あくまで拙見ですが、この曲調を撥弦楽器のソロに置き換えるという作業は、何か相克する要素の解決無くしては成立し得ないと思われるのです。バイレ(踊り)に於いても、相応しい振付が行われるようになったのは比較的最近の事と聞きます。
それが為か、ソロ演奏に聴かれるシギリージャと云うものを聴いて、わたくし自身充足を感じる事は稀でした。

ところが、ディエゴの演奏はどうでしょう!
歌うように弾く素晴らしいトカオール、彼もまたその一人である事は疑いようもありません。だが、それだけでは無い何かが、この人の演奏にはあるのです。胸中の奥底まで掻きむしられるような「トーケのシギリージャ」を聴いたのは、後にも先にも初めてでした。
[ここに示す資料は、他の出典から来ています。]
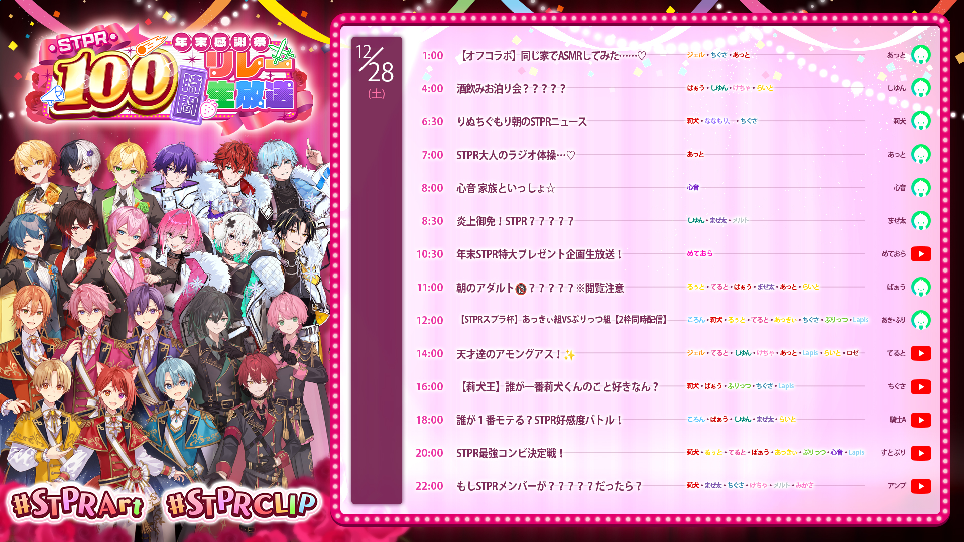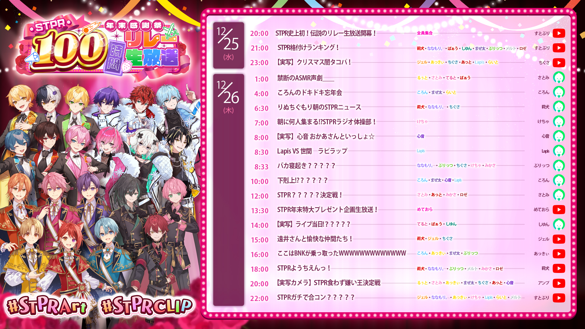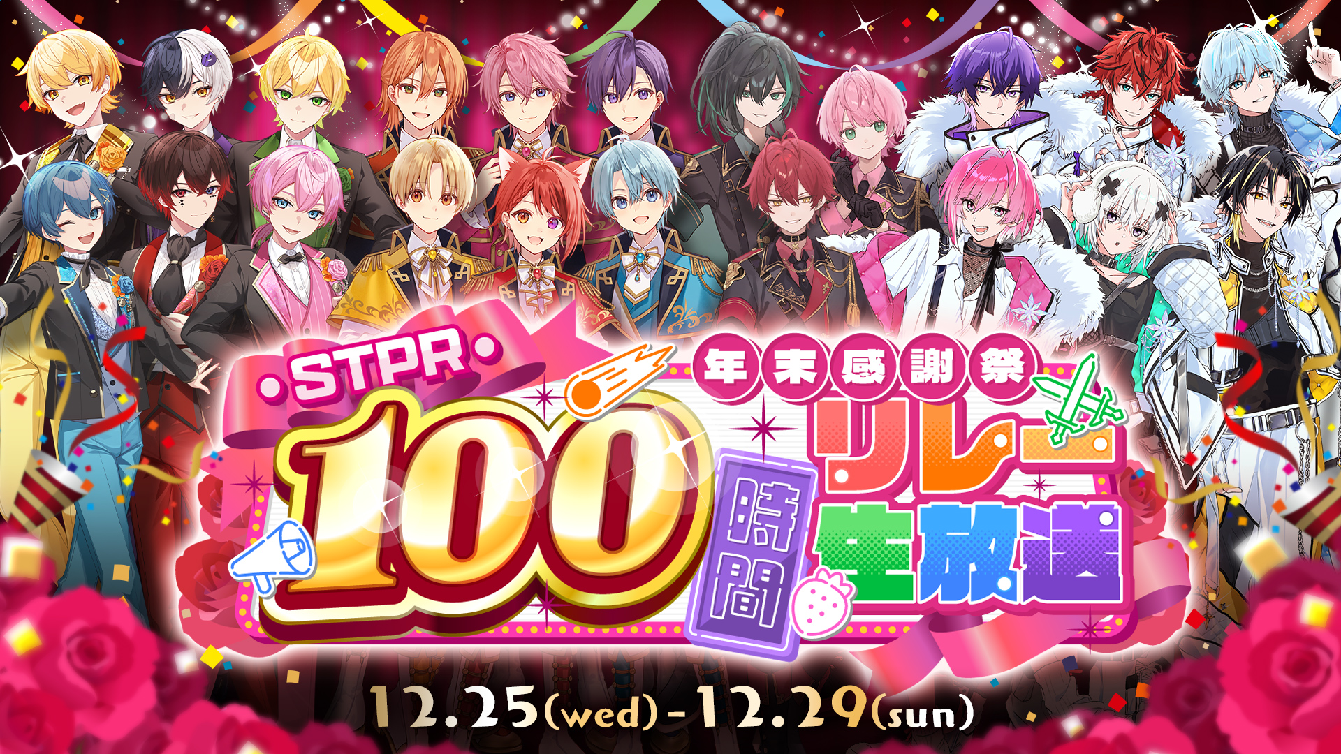 ”STPR初”となる4グループ合同の100時間リレー生放送は、「すとぷり 公式YouTubeチャンネル」にて2024年12月25日(水)20:00から放送する”STPR史上初!伝説のリレー生放送開幕!”からスタートし、12月29日(日)までさまざまな企画で生放送をつないでいきます。

ディエゴのトーケは、他と一体何処が異なると言うのでしょうか?

先述"Nuestro Flamenco 2"の最後に聴かれるブレリアからは、その個性を違った側面から見て取ることが出来ます。
シギリージャとは対照的に、リズミカルで激しい曲調のブレリア。ディエゴは無闇と盛り上げるようなことはせず、聴き手をじりじりと自らのグルーヴに引き込むような演奏を繰り広げています。その中に盛り込まれた山あり、谷ありのフレーズ、ただ追いつ、感じつしている僅かな時間に、聴き手は知らず知らず熱中させられてしまうのです。スタジオにオーディエンスを入れての収録ですが、その反応は楽想と実に良く呼応しています。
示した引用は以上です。